# Do you see shark or cat?



## Pomo (Feb 14, 2020)

shark-head paint by Pomo, on Flickr


----------



## crf8 (Feb 14, 2020)

Cat


FB.me/CRFinTN  Facebook 
www.flickr.com/crf8/


----------



## Braineack (Feb 14, 2020)

Always cat


----------



## Derrel (Feb 14, 2020)

Cat.


----------



## Dean_Gretsch (Feb 14, 2020)

Goat


----------



## limr (Feb 14, 2020)

Bart Simpson.


----------



## Jeff15 (Feb 14, 2020)

A horse...........


----------



## Pomo (Feb 15, 2020)

Yeah, I found that somebody see a goat a horse on the top )


----------



## zulu42 (Feb 15, 2020)

Shark


----------



## Space Face (Feb 15, 2020)

Neither.  I simply see a messy wall.


----------



## 480sparky (Feb 15, 2020)

limr said:


> Bart Simpson.



X2.


----------



## K9Kirk (Feb 15, 2020)

I see beer foam.


----------



## Terrier (Feb 15, 2020)

Space Face said:


> Neither.  I simply see a messy wall.



Maybe I'm lacking imagination or artistic appreciation but I'm afraid I have to agree, I see nothing but a mess.

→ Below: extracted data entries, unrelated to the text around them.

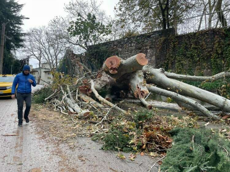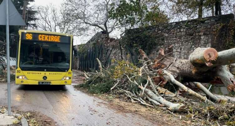 Bursa'da 510 yıllık geçmişi bulunan tarihi Hüsnügüzel Kaplıcası'nın bahçesindeki 250 yıllık anıt çınar ağacı fırtınaya dayanamadı. Saatteki hızı 95 kilometreye ulaşan fırtına sebebiyle devasa çınar kökünden koparak yola devrildi. Ekipler ağacın dallarını keserek trafiği açtı.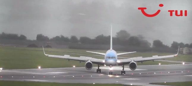 Aynı havalimanına TUI havayollarının bir pilotu zorlu hava koşullarına rağmen uçağı yanlayarak havalimanına indirmeyi başarıyor. Pilotun başarısı ise saniye saniye kameraya yansıyor.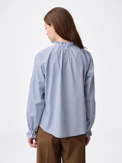 GUの「フリルネックブラウス」は、襟元と袖にあしらわれたフリルが華やかなアクセントとなり、シンプルながら上品な印象を演出するブラウス。レギュラー丈に加えてラウンドした裾が特徴で、アウトスタイルでもバランスよく着こなせます。レイヤードスタイルにも合わせやすく、コーディネートの幅を広げてくれるアイテムです。カラーは01 OFF WHITEと64 BLUEの2種類、価格は2290円で販売されています。なお01 OFF WHITEは透けやすいため、インナー選びに注意が必要です。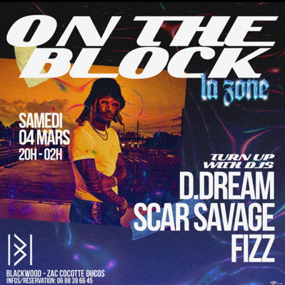 Samedi 4 mars, on ouvre les portes de la Zone! Dans un nouveau lieu exclusif, rejoins l'expérience On The Block, le seul événement entièrement dédié à la culture street, rap, hip hop et trap en Martinique. Des samples brûlants, des oldies inoubliables, des pépites inconnues, sélectionnés par nos maîtres selecta DDream, Scar Savage & Fizz. Révise tes classiques, prépare tes sneakers, et n'oublie pas de réserver ton salon au 0688396645.

In fact I cannot even figure out exactly what it is supposed to be a picture of.


----------



## BillM (Feb 15, 2020)

Zombie


----------



## AlanKlein (Feb 15, 2020)

both, one at a time.


----------



## johngpt (Feb 25, 2020)

Viewing here at TPF, I couldn't see either but when I followed the link back to Flickr, I saw the cat first, then the shark.


----------



## waday (Feb 25, 2020)

Pomo said:


> shark-head paint by Pomo, on Flickr


Love this picture!

If you focus on the black instead of white, you can see a person looking down and an arm above the head. Maybe swimming to the left?


----------



## dxqcanada (Feb 25, 2020)

It is a dark angry person dropping a rock on their own head.


----------



## snowbear (Feb 25, 2020)

I see a sas blobsquatch.


----------



## Winona (Feb 26, 2020)

I’ve never had a creative mind and I see nothing but black and white smudges.


----------



## Terrier (Feb 26, 2020)

This is an exercise in pareidolia, a situation in which someone sees a pattern or image of something that does not exist. So you can see (or don't see) whatever your mind wants to see or you see something that has been suggested to you.

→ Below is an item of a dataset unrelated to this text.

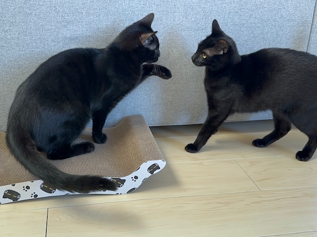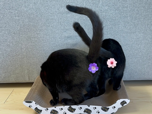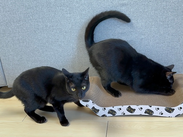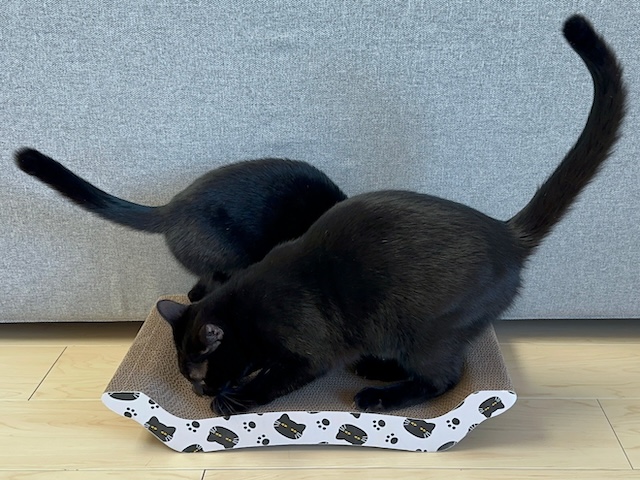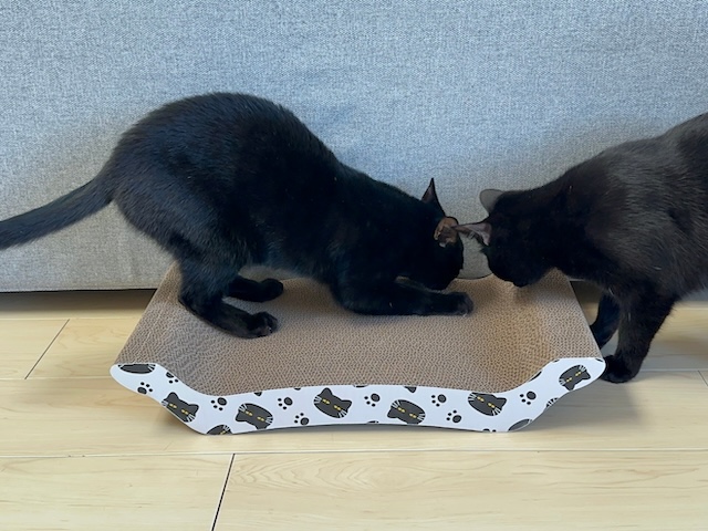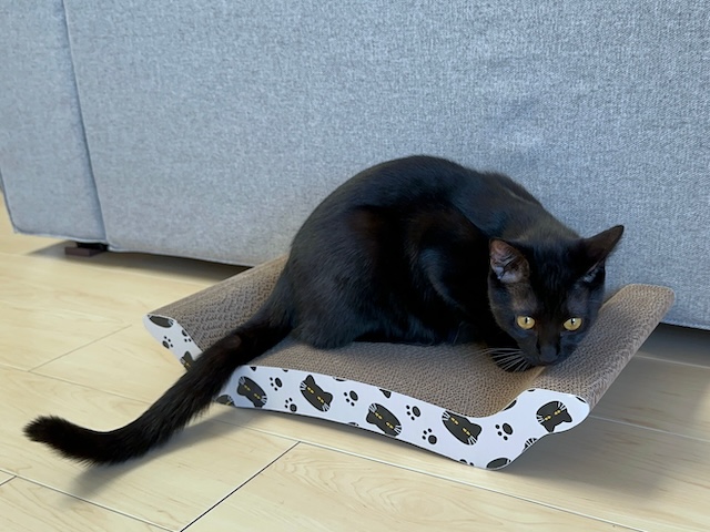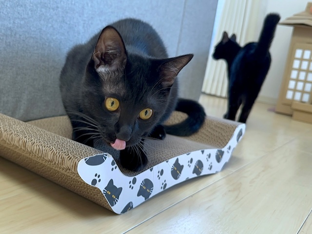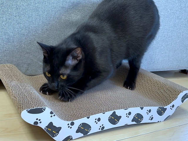 黒猫さん爪研ぎですよー

Interesting but I still cant see a cat or a shark.


----------



## Derrel (Feb 26, 2020)

Terrier said:


> This is an exercise in pareidolia, a situation in which someone sees a pattern or image of something that does not exist. So you can see (or don't see) whatever your mind wants to see or you see something that has been suggested to you.
> 
> Interesting but I still cant see a cat or a shark.



I am amazed that you can't see the cat


----------



## Derrel (Feb 26, 2020)

waday said:


> Pomo said:
> 
> 
> > shark-head paint by Pomo, on Flickr
> ...


----------



## waday (Feb 26, 2020)

Derrel said:


> waday said:
> 
> 
> > Pomo said:
> ...


Hey, I didn’t say that!  but I do agree with it. Lol


----------



## Pomo (Feb 28, 2020)

Terrier said:


> This is an exercise in pareidolia, a situation in which someone sees a pattern or image of something that does not exist. So you can see (or don't see) whatever your mind wants to see or you see something that has been suggested to you.
> 
> Interesting but I still cant see a cat or a shark.


Just you your imagination


----------



## Soocom1 (Feb 28, 2020)

Darth Maul


----------



## RVT1K (Feb 29, 2020)

A barfing cat...


----------